Cab Calloway got his professional start onstage under Louis Armstrong at the Sunset Cafe. Calloway eventually became one of only a few big band leaders to come up under Armstrong and, of course, Earl Hines. When Louis departed the Cafe for New York - it was the young Cab Calloway - 20-year-old "kid from Baltimore" whom Armstrong and Glazer picked to take over from Louis at the Sunset. A few years later Calloway followed his mentor Armstrong to NY, and before long found himself headlining at The Cotton Club, while back in Chicago, Hines inherited the Sunset Cafe mantle.
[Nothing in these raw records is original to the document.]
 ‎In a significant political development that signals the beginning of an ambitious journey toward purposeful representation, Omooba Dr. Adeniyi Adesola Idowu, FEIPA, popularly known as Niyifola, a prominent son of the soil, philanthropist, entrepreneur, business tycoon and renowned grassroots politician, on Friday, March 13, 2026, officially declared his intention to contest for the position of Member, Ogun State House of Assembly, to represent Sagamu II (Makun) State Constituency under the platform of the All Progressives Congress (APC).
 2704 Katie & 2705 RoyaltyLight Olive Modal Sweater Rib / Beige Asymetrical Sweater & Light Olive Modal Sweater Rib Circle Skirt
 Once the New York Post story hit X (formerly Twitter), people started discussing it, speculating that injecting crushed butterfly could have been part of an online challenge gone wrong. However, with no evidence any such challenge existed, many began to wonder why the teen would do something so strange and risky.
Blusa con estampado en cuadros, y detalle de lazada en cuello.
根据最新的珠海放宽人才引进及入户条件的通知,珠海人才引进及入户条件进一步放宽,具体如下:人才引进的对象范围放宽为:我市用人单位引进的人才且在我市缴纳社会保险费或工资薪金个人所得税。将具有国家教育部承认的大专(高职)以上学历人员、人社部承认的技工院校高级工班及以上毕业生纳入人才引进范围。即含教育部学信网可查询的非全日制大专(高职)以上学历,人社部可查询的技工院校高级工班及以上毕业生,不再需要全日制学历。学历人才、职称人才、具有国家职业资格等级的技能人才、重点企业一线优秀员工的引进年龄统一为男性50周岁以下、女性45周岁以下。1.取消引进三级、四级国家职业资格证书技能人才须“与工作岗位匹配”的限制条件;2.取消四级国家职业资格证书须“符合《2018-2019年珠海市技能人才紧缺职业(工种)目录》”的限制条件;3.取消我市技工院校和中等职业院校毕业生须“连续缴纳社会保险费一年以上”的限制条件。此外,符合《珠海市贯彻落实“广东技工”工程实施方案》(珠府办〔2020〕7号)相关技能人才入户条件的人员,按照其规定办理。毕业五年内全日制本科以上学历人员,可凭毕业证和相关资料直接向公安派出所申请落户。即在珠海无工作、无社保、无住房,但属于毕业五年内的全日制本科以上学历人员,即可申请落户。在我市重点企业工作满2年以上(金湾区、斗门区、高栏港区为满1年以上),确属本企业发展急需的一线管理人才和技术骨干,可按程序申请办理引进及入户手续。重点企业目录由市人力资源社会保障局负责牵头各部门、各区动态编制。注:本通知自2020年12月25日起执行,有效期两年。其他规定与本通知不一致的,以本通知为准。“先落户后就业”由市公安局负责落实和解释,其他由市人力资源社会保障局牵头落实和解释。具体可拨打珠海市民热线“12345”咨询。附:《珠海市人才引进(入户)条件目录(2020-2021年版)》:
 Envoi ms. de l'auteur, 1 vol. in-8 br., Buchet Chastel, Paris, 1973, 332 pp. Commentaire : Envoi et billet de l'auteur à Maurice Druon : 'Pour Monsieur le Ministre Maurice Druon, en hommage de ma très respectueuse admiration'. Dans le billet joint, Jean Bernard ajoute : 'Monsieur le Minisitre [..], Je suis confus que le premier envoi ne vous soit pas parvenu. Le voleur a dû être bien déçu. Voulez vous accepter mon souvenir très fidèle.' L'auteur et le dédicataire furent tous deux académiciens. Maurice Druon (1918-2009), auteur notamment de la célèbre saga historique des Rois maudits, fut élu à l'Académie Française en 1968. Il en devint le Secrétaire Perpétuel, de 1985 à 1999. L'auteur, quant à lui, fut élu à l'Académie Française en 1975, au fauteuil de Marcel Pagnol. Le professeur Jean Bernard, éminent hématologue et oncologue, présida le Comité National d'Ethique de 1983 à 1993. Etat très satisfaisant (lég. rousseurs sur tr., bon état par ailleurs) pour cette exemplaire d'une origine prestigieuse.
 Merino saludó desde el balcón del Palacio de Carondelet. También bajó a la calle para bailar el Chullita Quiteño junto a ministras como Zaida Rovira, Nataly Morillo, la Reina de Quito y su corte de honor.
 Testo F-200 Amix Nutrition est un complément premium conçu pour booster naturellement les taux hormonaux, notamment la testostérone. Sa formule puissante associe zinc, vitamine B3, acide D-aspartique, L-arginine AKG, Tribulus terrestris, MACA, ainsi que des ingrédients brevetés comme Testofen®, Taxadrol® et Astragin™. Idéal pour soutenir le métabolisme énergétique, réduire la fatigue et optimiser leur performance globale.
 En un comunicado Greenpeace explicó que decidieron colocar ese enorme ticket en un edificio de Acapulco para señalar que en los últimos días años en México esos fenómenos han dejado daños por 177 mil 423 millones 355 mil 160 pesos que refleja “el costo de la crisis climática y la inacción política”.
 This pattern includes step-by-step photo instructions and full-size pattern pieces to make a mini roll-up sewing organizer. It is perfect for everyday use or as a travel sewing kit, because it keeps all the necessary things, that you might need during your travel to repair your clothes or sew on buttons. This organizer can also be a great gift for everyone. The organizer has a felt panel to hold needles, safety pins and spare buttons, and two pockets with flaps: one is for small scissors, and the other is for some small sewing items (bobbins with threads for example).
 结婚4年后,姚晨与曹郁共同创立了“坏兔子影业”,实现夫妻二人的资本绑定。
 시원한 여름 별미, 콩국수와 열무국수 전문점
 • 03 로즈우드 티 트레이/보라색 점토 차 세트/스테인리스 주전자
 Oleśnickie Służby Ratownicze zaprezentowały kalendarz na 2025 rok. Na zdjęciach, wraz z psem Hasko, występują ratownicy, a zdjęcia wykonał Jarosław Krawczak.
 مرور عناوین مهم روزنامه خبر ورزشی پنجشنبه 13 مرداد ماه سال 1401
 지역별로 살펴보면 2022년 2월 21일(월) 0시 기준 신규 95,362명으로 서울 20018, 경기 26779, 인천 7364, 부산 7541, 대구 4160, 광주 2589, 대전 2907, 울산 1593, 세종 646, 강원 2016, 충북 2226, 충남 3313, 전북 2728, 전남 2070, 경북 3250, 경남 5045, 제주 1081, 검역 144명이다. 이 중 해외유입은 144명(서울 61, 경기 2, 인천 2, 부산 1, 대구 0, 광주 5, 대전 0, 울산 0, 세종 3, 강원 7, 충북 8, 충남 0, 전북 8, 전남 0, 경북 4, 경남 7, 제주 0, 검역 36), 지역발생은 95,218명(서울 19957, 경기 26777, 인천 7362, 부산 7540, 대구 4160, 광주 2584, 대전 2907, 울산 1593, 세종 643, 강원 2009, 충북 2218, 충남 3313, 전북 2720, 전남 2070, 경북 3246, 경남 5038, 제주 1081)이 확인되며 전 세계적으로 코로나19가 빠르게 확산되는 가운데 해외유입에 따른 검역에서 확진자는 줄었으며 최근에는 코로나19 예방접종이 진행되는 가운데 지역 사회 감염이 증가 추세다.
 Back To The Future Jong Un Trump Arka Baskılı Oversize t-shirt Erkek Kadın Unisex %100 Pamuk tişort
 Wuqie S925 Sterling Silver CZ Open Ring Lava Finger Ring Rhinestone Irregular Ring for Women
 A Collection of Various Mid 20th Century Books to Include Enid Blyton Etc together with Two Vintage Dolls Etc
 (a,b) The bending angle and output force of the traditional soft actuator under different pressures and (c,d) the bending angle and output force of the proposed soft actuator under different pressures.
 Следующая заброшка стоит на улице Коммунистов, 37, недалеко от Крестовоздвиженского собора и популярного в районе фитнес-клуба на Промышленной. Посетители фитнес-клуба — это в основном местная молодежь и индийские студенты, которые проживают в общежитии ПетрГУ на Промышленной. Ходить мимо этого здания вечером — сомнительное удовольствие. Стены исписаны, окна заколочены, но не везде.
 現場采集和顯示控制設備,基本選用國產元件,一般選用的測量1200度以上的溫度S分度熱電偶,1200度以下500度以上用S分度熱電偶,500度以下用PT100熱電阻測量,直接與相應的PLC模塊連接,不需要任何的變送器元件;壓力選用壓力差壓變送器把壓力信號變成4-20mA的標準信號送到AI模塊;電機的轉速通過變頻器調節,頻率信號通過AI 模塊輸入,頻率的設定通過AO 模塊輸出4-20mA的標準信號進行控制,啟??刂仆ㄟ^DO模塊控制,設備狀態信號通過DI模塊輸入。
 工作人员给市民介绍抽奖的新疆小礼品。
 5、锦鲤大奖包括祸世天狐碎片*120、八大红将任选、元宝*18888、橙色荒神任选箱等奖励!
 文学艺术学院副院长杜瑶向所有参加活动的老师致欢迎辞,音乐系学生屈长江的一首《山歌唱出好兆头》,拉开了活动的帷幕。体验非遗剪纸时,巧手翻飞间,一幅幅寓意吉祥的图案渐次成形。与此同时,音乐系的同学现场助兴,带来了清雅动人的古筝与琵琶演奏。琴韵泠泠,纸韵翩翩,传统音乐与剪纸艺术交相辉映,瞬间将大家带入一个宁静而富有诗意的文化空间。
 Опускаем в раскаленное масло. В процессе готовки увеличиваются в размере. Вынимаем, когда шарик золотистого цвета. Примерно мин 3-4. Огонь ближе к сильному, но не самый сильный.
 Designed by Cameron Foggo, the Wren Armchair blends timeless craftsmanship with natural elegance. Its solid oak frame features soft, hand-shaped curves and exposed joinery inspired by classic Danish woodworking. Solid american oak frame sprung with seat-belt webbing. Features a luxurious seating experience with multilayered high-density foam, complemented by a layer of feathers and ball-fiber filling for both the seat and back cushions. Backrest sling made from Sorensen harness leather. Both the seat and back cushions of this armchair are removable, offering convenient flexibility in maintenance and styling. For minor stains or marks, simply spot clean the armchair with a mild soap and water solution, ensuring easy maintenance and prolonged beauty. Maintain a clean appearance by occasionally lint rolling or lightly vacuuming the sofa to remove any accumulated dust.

In 1928, the 25-year-old Earl Hines opened what was to become a twelve-year residency at what was now renamed The Grand Terrace Cafe - by now "controlled" [or 25% 'controlled'] by Al Capone.

==Earl Hines==

With Hines as its bandleader, what used to be the Sunset Cafe continued its tradition, introducing under Hines Charlie Parker, Dizzy Gillespie, Sarah Vaughan, Nat "King" Cole and Billy Eckstine, as well as the dancer - Bill "Bojangles" Robinson. And it was "live" from The Grand Terrace that the Hines Band became the most radio broadcast band in America.